Reason Why Viewers Tolerated Ross Geller’s Behaviour on Friends

Fans were afforded the opportunity to assess the Manhattanites from a new perspective when Netflix started streaming the show. And it wasn’t long before a dialogue developed around the gang’s casual sexism and homophobia.

 

And then attention turned to Ross Geller.

Back in the day, the character of Ross was viewed through a sympathetic lens. He was a dinosaur-obsessed dork in high school, his wife left him for a woman, and his friends made fun of his chosen career. Oh, and he was head over heels for one-time head cheerleader, Rachel Green, and in true Ross-style, it wasn’t long after finally getting with her that he lost her again. Ross wasn’t like uber-player Joey or commitment-phobe Chandler, he was the nice guy.

Or so most of us thought.

However, Netflix’s decision to add the show to their service has shone a light on the intensity of Ross’s character. And the fact that his flaws were often written off during the height of the show’s popularity. Regular flashbacks to Ross’ adoration of Rachel in high school laid a foundation for misplaced acceptance of his subsequent behavior. And sporadic references to Rachel’s teenage dismissals provided a platform for viewers’ misguided tolerance.

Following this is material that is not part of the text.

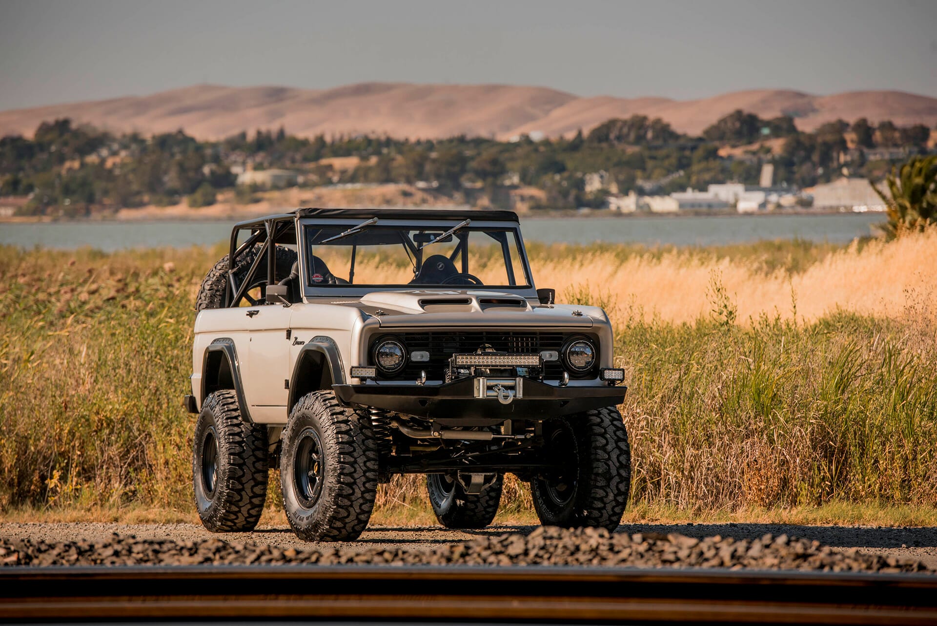 Inside and out, Bryan’s Bronco is chockfull of class and style, blending old-school and proven technology with some modern upticks to really make it shine. The body was fitted with fiberglass front fenders, a forced-air hood was installed with gas shocks, then the whole thing was painted in PPG’s Silver Birch paint with a clear coat. A ProtoFab front bumper houses a Smittybilt X20 winch with a complementary ProtoFab rear bumper and a tire swing hanging out back.

But at the end of the day, Ross was mean.

He was possessive, condescending, controlling, and everything a viewer wouldn’t accept of characters like Joey and Chandler. A guy like Joey would not get away with humiliating his girlfriend in front of her friends simply. A person like Chandler would not get away with using a woman’s relatively low-paid job as a reason not to be with her.

But Ross had – remember – all the hallmarks of a nice guy.

And this is why many of us seemed to at best dismiss, and at worst, justify his behavior. It simply – and perhaps most horrifyingly – came down to the fact that Ross was the dork who could never get the girl. We bought into this theory; hook, line, and sinker. Is it any wonder he acts likes like a lunatic now that he finally has Rachel? Sure, the fear of losing her has rendered him blind to his shortcomings.
Surprisingly, Ross was – and still is – one of the show’s most popular characters.  As David Schwimmer’s character over the course of the show’s ten-year run. On a break or not.